Dopo il via libera definitivo della Commissione Europea dello scorso 5 gennaio e il recente decreto interministeriale presentato il 23 marzo che ne regola la commercializzazione e il consumo, la farina di grillo si appresta ad arrivare sugli scaffali dei supermercati, ma gli italiani non sembrano pronti a questa innovazione gastronomica: infatti sebbene quasi un italiano su 5 (19%) si sia detto abbastanza informato sull’argomento, è solo poco più di un italiano su 10 (il 15%) a dichiarare la possibilità di portare cibi fatti con farina di grillo a tavola. Per almeno metà degli italiani, invece, è no assoluto a questo tipo di prodotti. Se guardiamo all’area geografica il Sud è il territorio con cittadini meno orientati al consumo di questi alimenti. Inoltre, solo il 24% del campione è favorevole alla vendita e il 21% alla produzione di alimenti contenenti farina di grillo.
Lo rivela una indagine flash svolta presso l’EngageMinds HUB, il Centro di ricerca dell’Università Cattolica, campus di Cremona diretto dalla professoressa Guendalina Graffigna, che rileva attraverso un Monitor continuativo i comportamenti e le abitudini degli italiani restituendone un’analisi in chiave psicologica.
Nel totale del campione si conferma una generica ostilità verso il prodotto (53%) ed è il disgusto il principale ostacolo al consumo espresso dal 68% delle persone non intenzionate a consumare questi prodotti neanche in futuro. Seguono la non familiarità ovvero la disinformazione in merito (31%), le preoccupazioni per la sicurezza alimentare (29%), e il prezzo (16%). Un kg di farina di grillo arriva infatti a costare tra i 70 e gli 80 euro. Tra le persone interessate al consumo emergono invece motivazioni considerate positive quali la curiosità e la sostenibilità, rispettivamente il 64% e il 56%, seguite da un gruppo, il 35%, che lo farebbe per l’apporto nutrizionale. La farina di grilli contiene di fatto una quantità significativa di proteine, oltre a fibre, minerali come il ferro e il calcio, e vitamine come la B12.

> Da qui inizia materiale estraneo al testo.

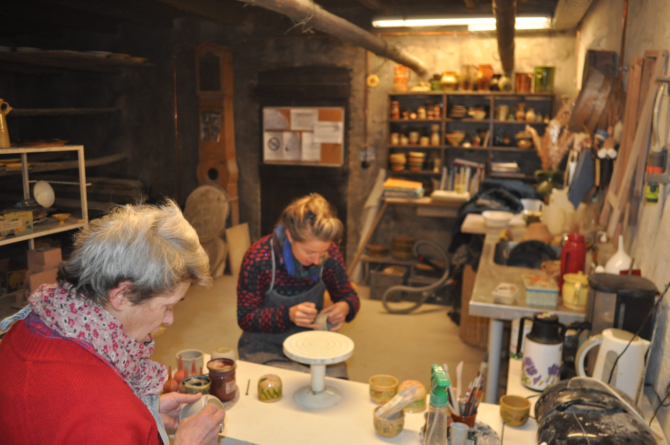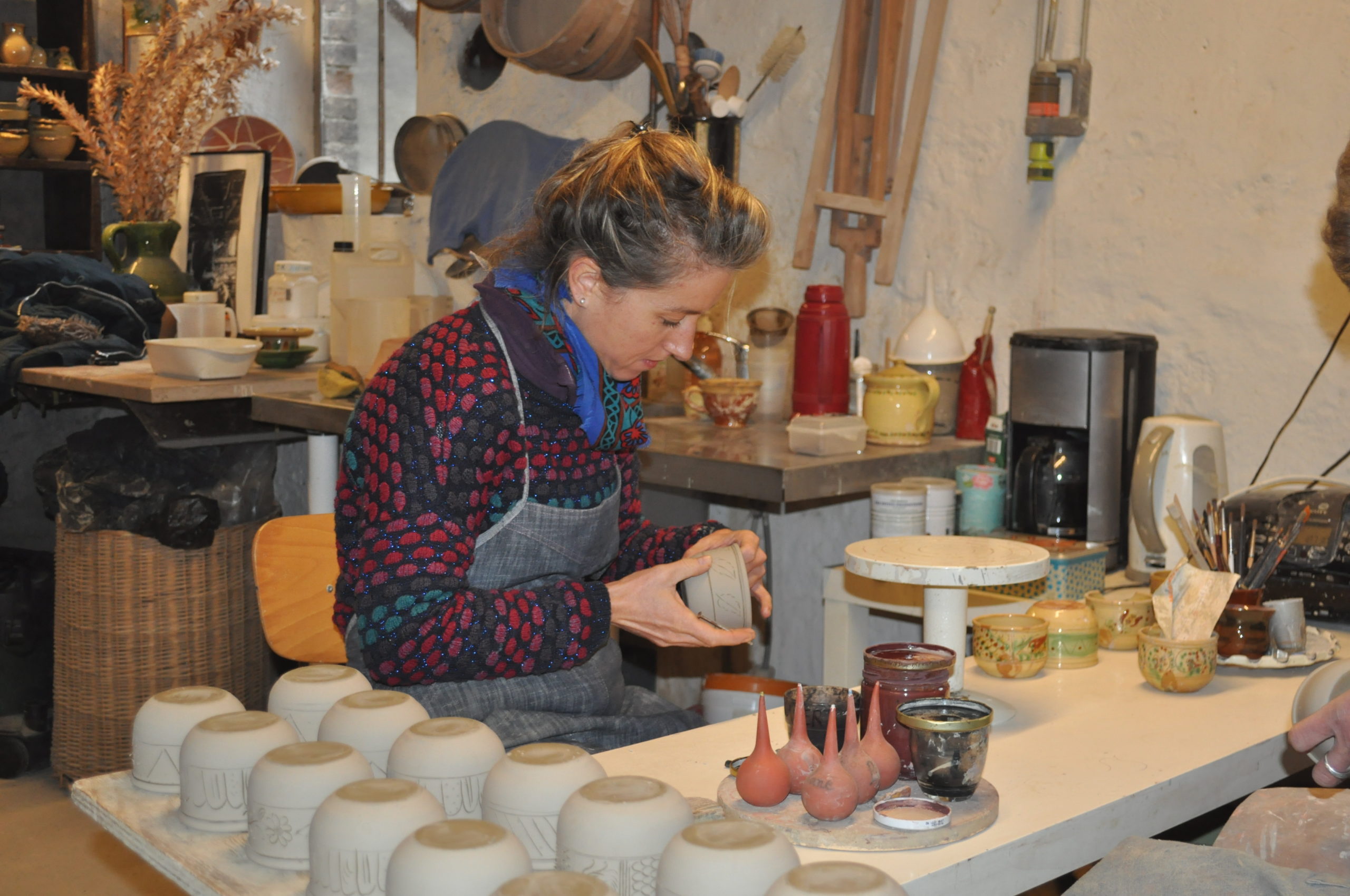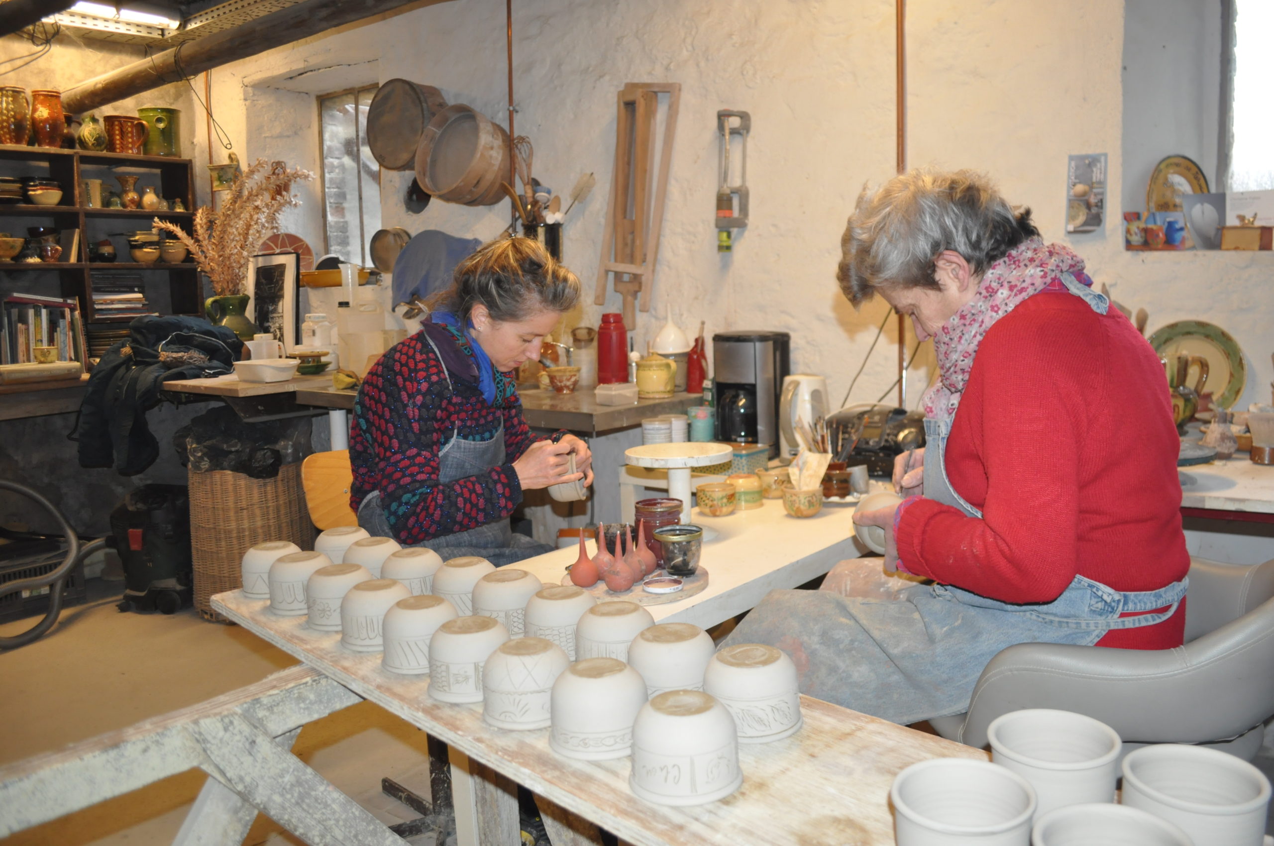 Depuis ce matin, et pour trois jours, Jeanne MORIN, céramiste installée à DIEULEFIT, est venue renforcer l’équipe de la poterie, notamment Isabelle GONTARD, au décor. En vue de la période de NOËL et du Marché du Coin de NOËL, qui se tient le samedi 14 décembre, de 13 heures à 18 heures, nombre de pièces attendent d’être décorées et cuites avant de passer en boutique.

«Vorrei sottolineare quanto l’aspetto della sostenibilità soprattutto sia influente sulle persone che hanno espresso l’emozione della curiosità per il consumo di farina di grilli -afferma la professoressa Guendalina Graffigna-. Tra quanti sono intenzionati al consumo, la curiosità è uno dei driver maggiori (riportato dal 64%), percentuale che sale al 73% tra quanti sono particolarmente sensibili ai temi ambientalisti».

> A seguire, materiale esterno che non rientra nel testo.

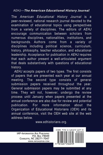 Volume 43 Numbers 1 & 2 2016 The American Educational History Journal is a peer¿reviewed, national research journal devoted to the examination of educational topics using perspectives from a variety of disciplines. The editors of AEHJ encourage communication between scholars from numerous disciplines, nationalities, institutions, and backgrounds. Authors come from a variety of disciplines including political science, curriculum, history, philosophy, teacher education, and educational leadership. Acceptance for publication in AEHJ requires that each author present a well¿articulated argument that deals substantively with questions of educational history. AEHJ accepts papers of two types. The first consists of papers that are presented each year at our annual meeting. The second type consists of general submission papers received throughout the year. General submission papers may be submitted at any time. They will not, however, undergo the review process until January when papers presented at the annual conference are also due for review and potential publication. For more information about the Organization of Educational Historians (OEH) and its annual conference, visit the OEH web site at: www.edhistorians.org.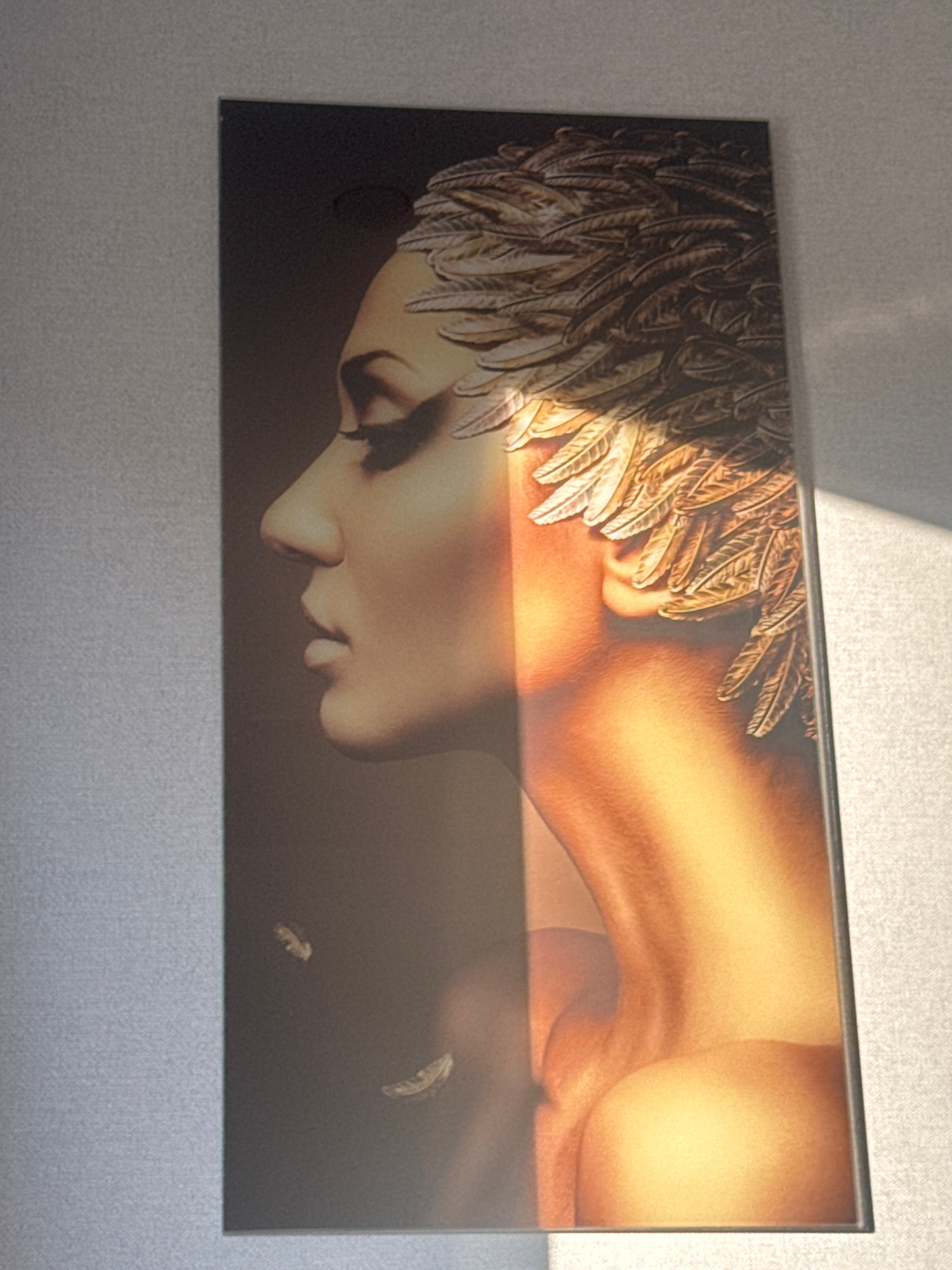 A framed image hangs on a light gray wall, partially illuminated by a ray of sunlight from above. The image depicts a person with feathers around their head and shoulders. The background of the image…read more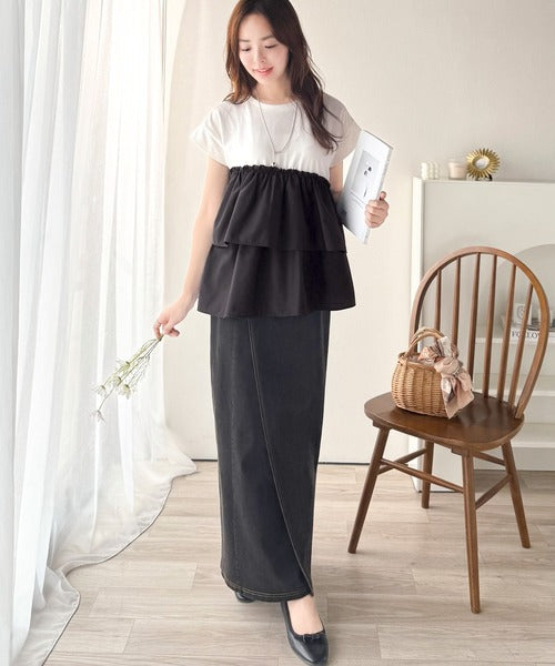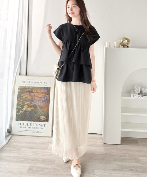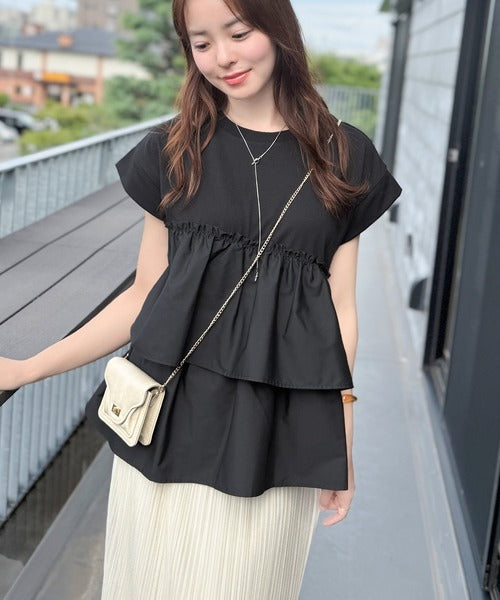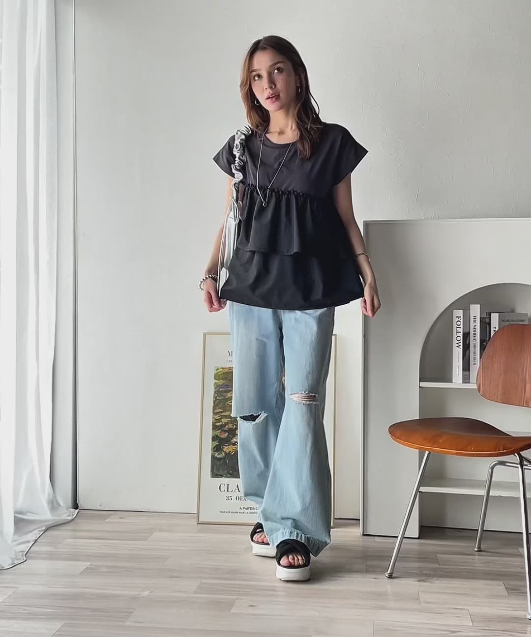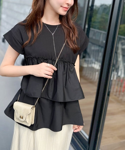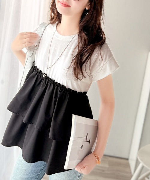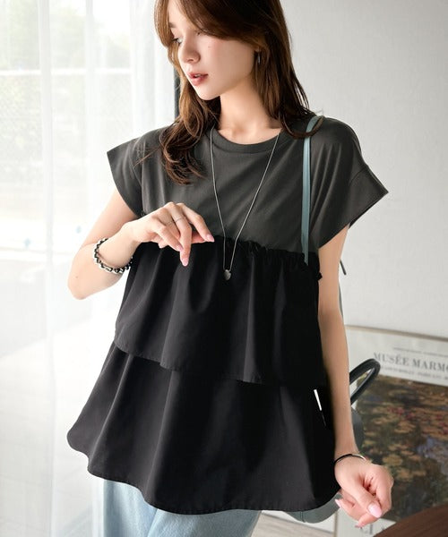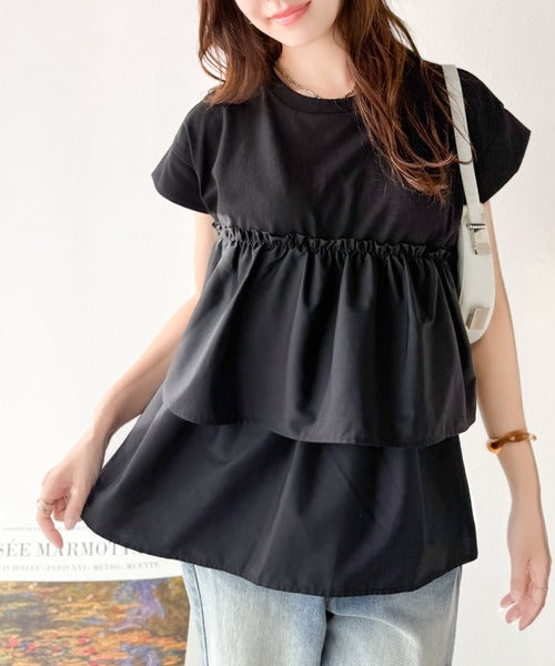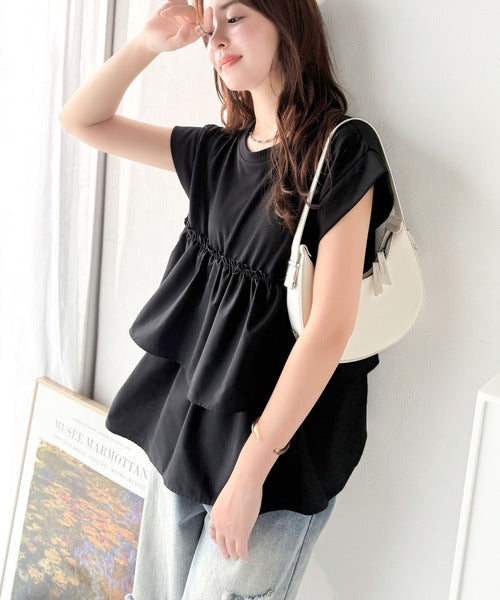 さらっとしたカットソーとふんわりフリルの切り替えデザインが特徴。

«Gli Italiani - continua la professoressa Graffigna - sembrano nel complesso piuttosto ‘ostili’ verso i prodotti con farina di grillo: infatti il 47% del campione ritiene che possano mettere anche a rischio le tradizioni culinarie. Inoltre, emerge dall’indagine che il 44% ritiene che l’Unione Europea non avrebbe dovuto autorizzarne la vendita. Questi dati sono espressione di barriere culturali difficili da abbattere. La farina di grillo sta guadagnando interesse come fonte sostenibile di proteine, ma è un processo che potrebbe richiedere ancora del tempo per diventare più diffuso e accettato nella cultura alimentare italiana. Da questo punto di vista - conclude Graffigna - molto si giocherà sul fronte della corretta comunicazione per aiutare a colmare, così come accaduto in altri casi, il gap tra sapere scientifico e percezione del consumatore. Nei prossimi mesi focalizzeremo proprio questo tema in una ricerca svolta per Agorà Network, una rete che a Cremona, grazie al contributo delle istituzioni locali, connette Università Cattolica e imprese».